И вновь набив невыносимую трубочку, она с поклоном подносит к моим губам серебряный мундштук – а я из вежливости не решаюсь отказаться; но вкус едкий, отвратительный…
А теперь, прежде чем лечь под темно-синюю сетку, я иду и открываю две панели – одну со стороны заброшенной тропинки и другую, выходящую на расположенные террасой сады, – чтобы открыть доступ ночному воздуху, рискуя при этом впустить новых запоздалых жуков и новых легкомысленных бабочек.
Наш дом, сделанный из старых тонких досок, резонирует по ночам, как большая сухая скрипка; самый легкий шорох здесь разрастается, искажается и начинает звучать тревожно. А на веранде висят две небольшие эоловы арфы, и при малейшем дуновении стеклянные пластинки позвякивают друг о друга, напоминая мелодичное журчание ручейка; на улице из самых дальних далей доносится великая и вечная музыка цикад, а прямо над нами, на черной крыше, словно топот ведьм, гремит смертельная схватка кошек, крыс и сов…
Позднее, перед самым рассветом, Хризантема пойдет и потихоньку прикроет открытые мною панели – ведь рано-рано утром до нас дойдет свежий ветерок с моря, из глубокой бухты.
До этого она еще встанет по меньшей мере раза три, чтобы покурить: зевнув, как кошечка, потянувшись, покрутив во все стороны своими янтарными руками и крошечными изящными кистями, она решительно выпрямляется, весьма трогательно постанывает, словно просыпающееся дитя, затем вылезает из-под газового полога, набивает свою трубочку и два-три раза затягивается едким, неприятным дымом.
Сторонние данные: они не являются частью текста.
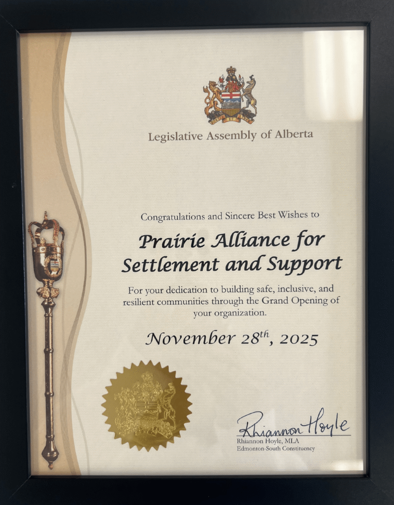 As PASS continues to grow, we remain focused on our mission to support settlement, inclusion, and community connection across Edmonton. Recognition from community leaders motivates us to deepen our impact and remain responsive to the evolving needs of newcomers and families.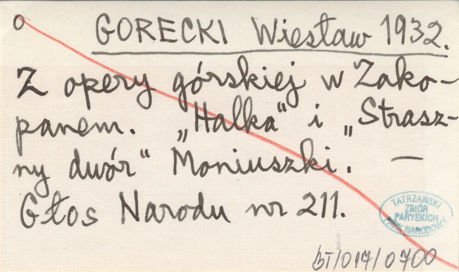 GORECKI Wiesław 1932 Z opery górskiej w Zakopanem. "Halka" i "Straszny dwór" Moniuszki.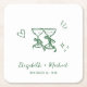 Whimsical Hand Drawn Green Wine Glasses Wedding Square Paper Coaster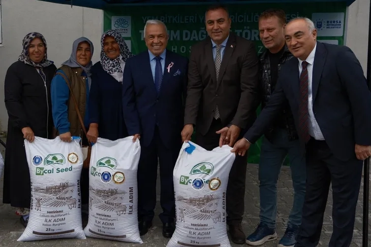 Proje ile hayvancılığa destek sağlayacaklarını dile getiren Özdemir, şöyle konuştu: "Tarım varsa hayat var. Bu yüzden tarım ve hayvancılığa desteklerimiz sürecek. Özellikle büyükbaş ve küçükbaş hayvanlarda yem konusunda sıkıntılar vardı. İşbirliğiyle bu sorunun çözümü noktasında proje hayata geçirdik. Nilüfer'de 13 bin 658 büyükbaş ve 35 bin 43 küçükbaş hayvan bulunuyor. Her yıl 40 bin dekarda yem bitkisi üretiliyor, bundan da 122 bin 800 ton kaba yem elde ediliyor. Bu miktar tüm ihtiyacı karşılamıyor." Bin 500 dekarda üretim yapılacak Bu nedenle İtalyan çim tohumu programını hayata geçirdiklerini belirten Özdemir, "300 çiftçimize 5 dekarlık arazisi için 25 kilogram tohum desteği sağlıyoruz. Yüzde 70'ini biz yüzde 30'unu çiftçiler karşılayacak. bin 500 dekarda üretim yapılacak. Hedefimiz üretim alanlarını artırmak, kırsal kalkınmayı güçlendirmektir. Topraklarla buluşacak bu tohumlar yeme, berekete dönüşecek" dedi. Mudanya ve Mustafakemalpaşa'da da dağıtılacak Bursa Büyükşehir Belediyesi Başkan Vekili Tarım Peyzaj A.Ş Yönetim Kurulu Başkanı Mehmet Aydın Saldız ise üreticiye can suyu olacak proje kapsamında bin 500 dekarda İtalyan çimi ekileceğini söyledi. Kaba yem ve yeşil ot ihtiyacının karşılanması amacıyla hayata geçirilen projenin önemine işaret eden Saldız, Mudanya ve Mustafakemalpaşa'da da aynı şekilde yem bitkisi tohumu dağıtacaklarını kaydetti. Büyükşehir Belediye Başkanı Mustafa Bozbey'in tarıma ayrı bir önem verdiğini dile getiren Saldız, "Bozbey'in tek hedefi var; üretime katkı sunmak, üreticinin yanında olmak. Damla sulama ve sıvı gübre üretip üreticilerimizle buluşturduk. Çiftçiye, tarıma desteklerimiz sürecek" dedi. İtalyan çim tohumlarını sırtlayan götürdü Konuşmaların ardından önce kadın sonra diğer çiftçilere İtalyan çimi tohumu dağıtımı yapıldı. 25 kilogramlık tohum çuvallarını kimi çiftçi sırtladı, kimisi ise omuzlayıp teşekkür ederek alandan ayrıldı.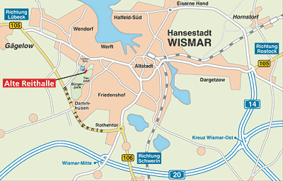 An der „Alten Reithalle“ stehen ausreichende Parkflächen zur Verfügung (Zum Festplatz, 23966 Wismar). Mit dem städtischen Nahverkehr (EVB Wismar) ist die „Alte Reithalle“ über die Linien A und G (Haltestelle „Tierpark“) zu erreichen. Alte Reithalle bei Google Maps ansehen

А потом тук-тук-тук-тук о коробку, чтобы вытрясти пепел. При ночной слышимости стук получается ужасно громкий – и, как и следовало ожидать, будит госпожу Сливу. И вот уже госпожа Слива, явно поддавшись внушению, тоже ощущает желание покурить; и тогда стуку наверху отвечает точно такое же тук-тук-тук-тук снизу, изводящее и неминуемое, словно эхо.
XXVII
Утренняя музыка куда веселее: поют петухи; открываются деревянные панели по соседству; порой странно кричит какой-нибудь торговец фруктами, обегающий на заре наше высокое предместье. И цикады, кажется, стрекочут громче, радуясь возвращению праздника света.
А главное, снизу через пол до нас доносится долгая молитва госпожи Сливы, монотонная, как пение сомнамбулы, однообразная и убаюкивающая, как журчание родника. Это длится по меньшей мере три четверти часа; на высоких нотах, быстро, гнусаво бубнится и бубнится молитва; время от времени, когда усталые духи перестают слушать, она сопровождается сухими хлопками в ладоши – или же слабыми ударами хлопушки, состоящей из двух дисков, сделанных из корня мандрагоры; прерывистым потоком льется молитва; неиссякаемое, беспрестанное бормотание, напоминающее блеяние старой выжившей из ума козы…
«После омовения рук и ног, – повествуют священные книги, – люди взывают к великому богу Аматэрасу-о-миками, покровителю мощи Японской империи; люди взывают к манам всех усопших императоров, ведущих от него свой род; а потом и к манам всех его собственных предков, до самых далеких колен; к духам воздуха и моря; к духам потаенных и гадких мест; к загробным духам страны корней и т. д. и т. п…»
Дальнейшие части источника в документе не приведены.